HOW TO COMPLETE THIS TASK: Without the pictures, can you quote each line below exactly?

DATA EXTRACT:
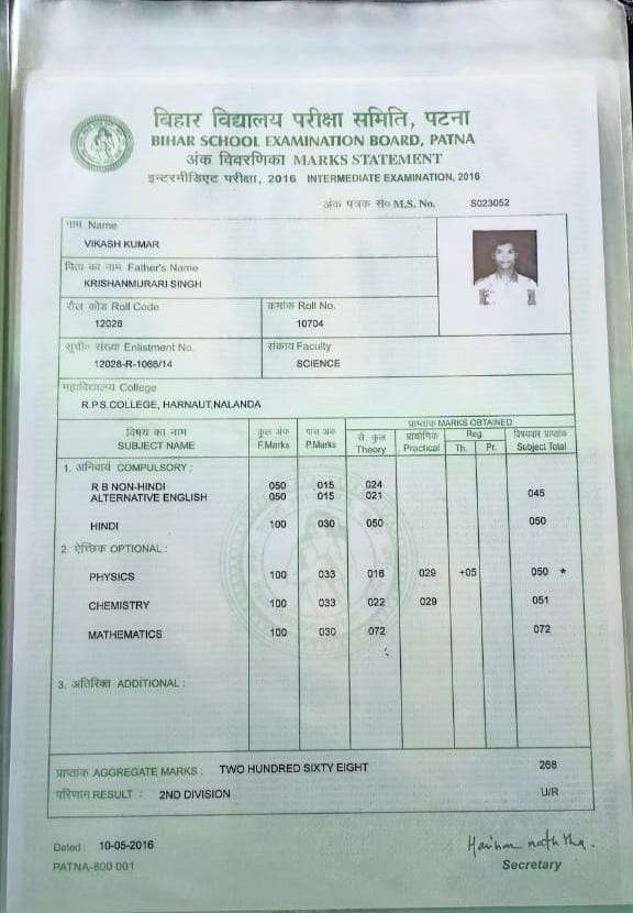 | Exam | Full Marks | Pass Marks | Marks Obtained |
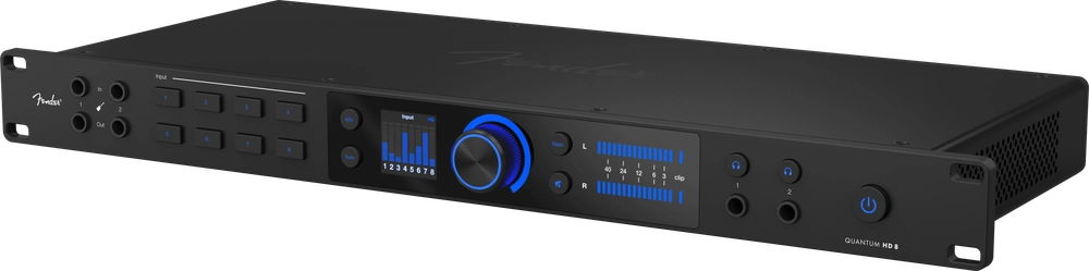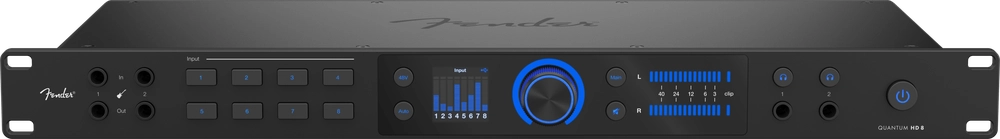 Fender Quantum HD8 - USB-C Ses Kartı, 19 inç rack genişliğiyle stüdyo kurulumlarında düzeni sevenlere hitap eder. Ön yüzde konumlanan enstrüman girişleri, gitar ve bası hızlıca bağlayıp kayıt almaya odaklanmayı kolaylaştırır. Tam renkli, yüksek çözünürlüklü ekran ve aydınlatmalı push encoder, menüler arasında kaybolmadan ayar yapmayı sağlar. Siyah gövde, sahne ve kontrol odasında sade bir görünüm sunar; profesyonel ekipmanlarla aynı çizgide durur.
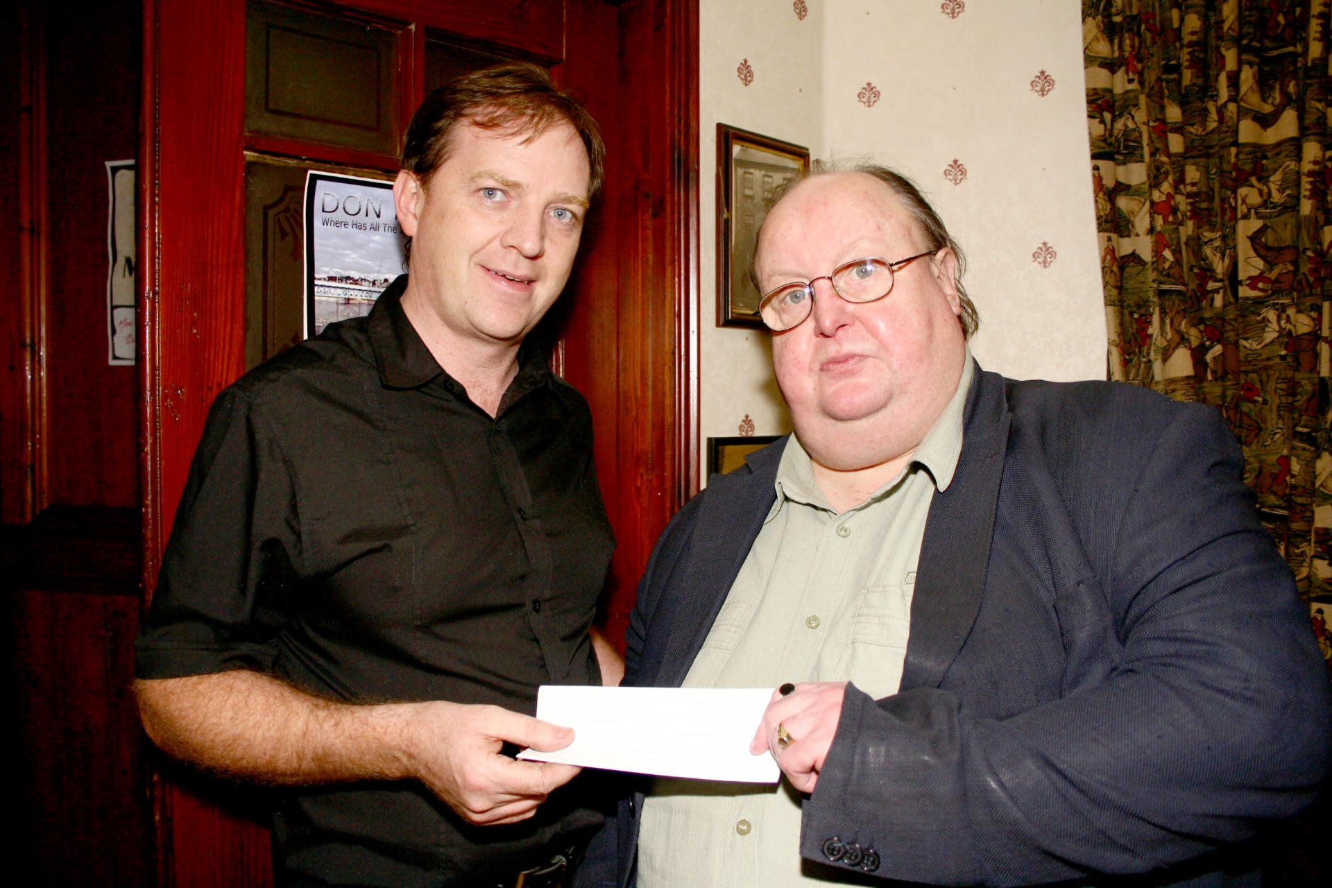 Bowery Bar proprietor Patsy McGilloway pictured handing over a cheque to Kenny "The Big Dote" Stevenson, proceeds from the Country Fever charity night at the Bowery Bar, in aid of Glenside ABC.
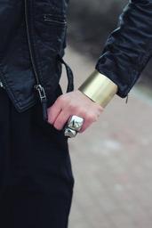 Keywords: wide bangle bracelet gold-tone gold polished hand hands ring rings leather jacket cuff
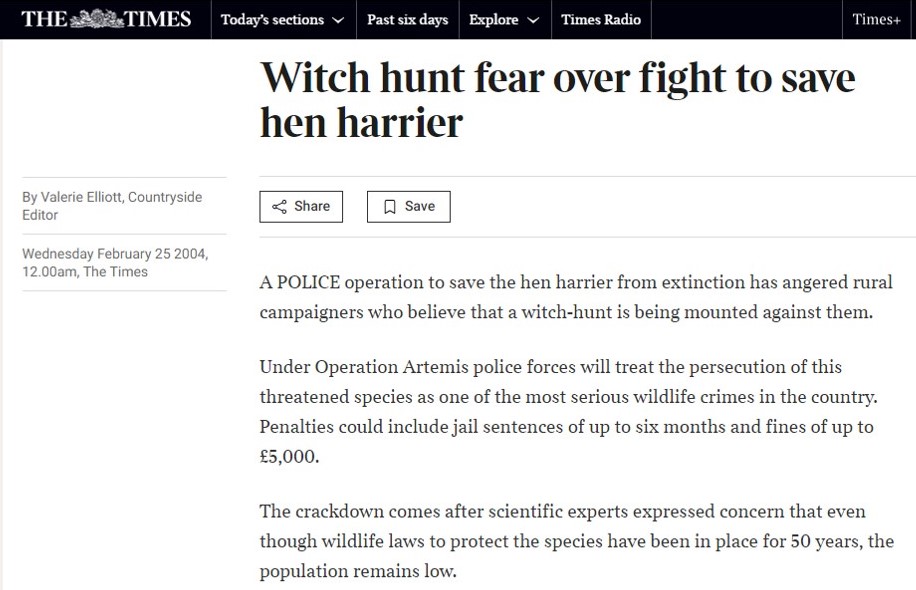 As described by the RSPB, Op Artemis was not well-received by the shooting industry, even resulting in an article published in The Times where the then Chief Executive of the Countryside Alliance, Simon Hart (who later became Chief Whip for the Conservatives) said the police operation was “part of a wider witch-hunt against gamekeepers“.
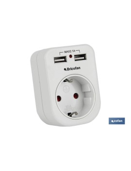 ADAPTADOR ENCHUFE 1 TOMA FRONTAL+2 USB (PACK: 1 UDS)
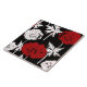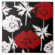 Red, white flowers on black . tile
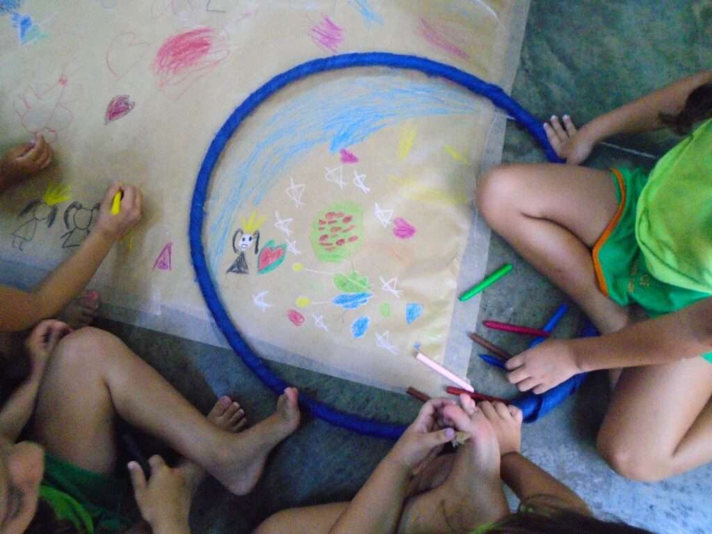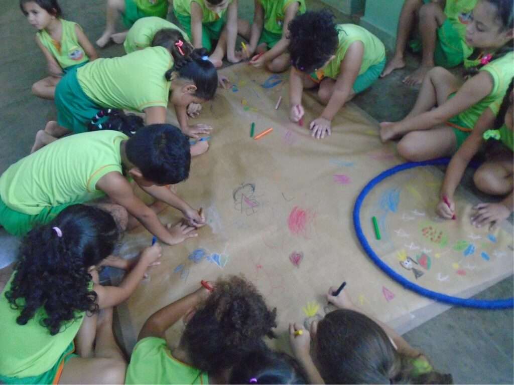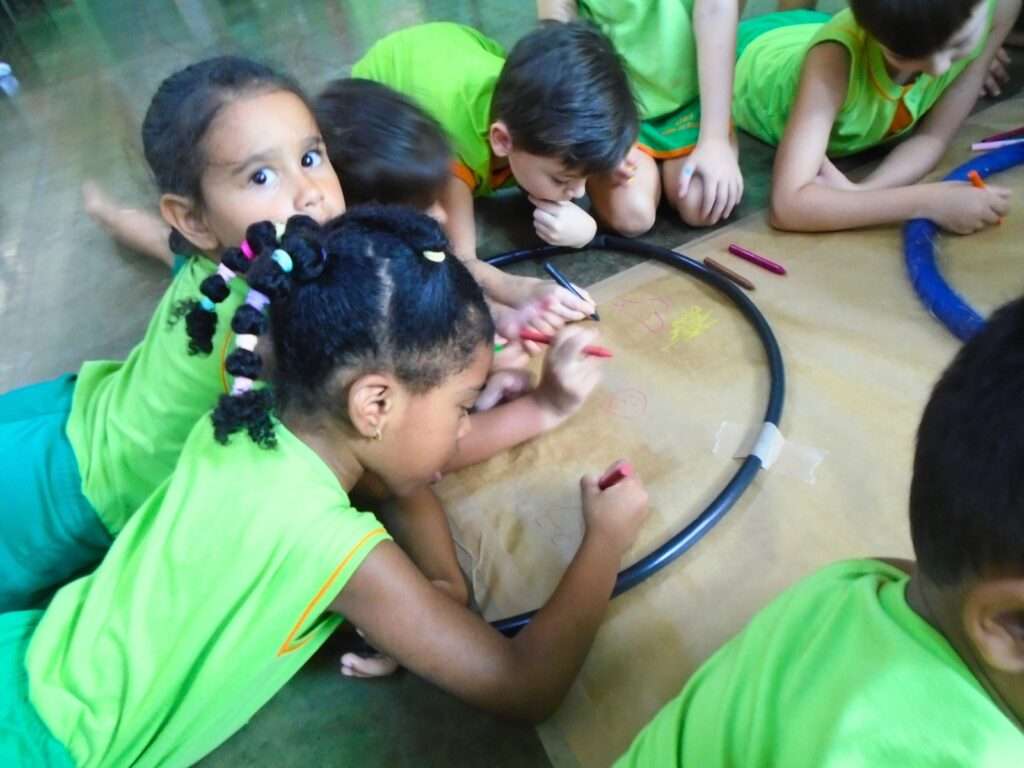 A proposta aconteceu no pátio da escola, onde cada criança recebeu um espaço delimitado por um bambolê sobre papel pardo. Inicialmente, o desafio era realizar o desenho apenas dentro do bambolê, respeitando os limites estabelecidos. A dinâmica permitiu que as crianças compreendessem, de maneira concreta e divertida, conceitos espaciais como dentro e fora, desenvolvendo a percepção do espaço e a organização da própria ação.
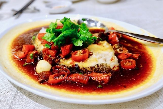 We tried the steamed cod fish fillet with chillies ($32). The dish looked scarily spicy when it arrived, with lots of red chillies all over the dish. This dish’s bark was worse than its bite. It was only gently spicy in taste as we had been promised. An unusual and enjoyable fish dish.

ANSWER FOR THE TASK:
 | Exam | Full Marks | Pass Marks | Marks Obtained |
 Fender Quantum HD8 - USB-C Ses Kartı, 19 inç rack genişliğiyle stüdyo kurulumlarında düzeni sevenlere hitap eder. Ön yüzde konumlanan enstrüman girişleri, gitar ve bası hızlıca bağlayıp kayıt almaya odaklanmayı kolaylaştırır. Tam renkli, yüksek çözünürlüklü ekran ve aydınlatmalı push encoder, menüler arasında kaybolmadan ayar yapmayı sağlar. Siyah gövde, sahne ve kontrol odasında sade bir görünüm sunar; profesyonel ekipmanlarla aynı çizgide durur.
 Bowery Bar proprietor Patsy McGilloway pictured handing over a cheque to Kenny "The Big Dote" Stevenson, proceeds from the Country Fever charity night at the Bowery Bar, in aid of Glenside ABC.
 Keywords: wide bangle bracelet gold-tone gold polished hand hands ring rings leather jacket cuff
 As described by the RSPB, Op Artemis was not well-received by the shooting industry, even resulting in an article published in The Times where the then Chief Executive of the Countryside Alliance, Simon Hart (who later became Chief Whip for the Conservatives) said the police operation was “part of a wider witch-hunt against gamekeepers“.
 ADAPTADOR ENCHUFE 1 TOMA FRONTAL+2 USB (PACK: 1 UDS)
 Red, white flowers on black . tile
 A proposta aconteceu no pátio da escola, onde cada criança recebeu um espaço delimitado por um bambolê sobre papel pardo. Inicialmente, o desafio era realizar o desenho apenas dentro do bambolê, respeitando os limites estabelecidos. A dinâmica permitiu que as crianças compreendessem, de maneira concreta e divertida, conceitos espaciais como dentro e fora, desenvolvendo a percepção do espaço e a organização da própria ação.
 We tried the steamed cod fish fillet with chillies ($32). The dish looked scarily spicy when it arrived, with lots of red chillies all over the dish. This dish’s bark was worse than its bite. It was only gently spicy in taste as we had been promised. An unusual and enjoyable fish dish.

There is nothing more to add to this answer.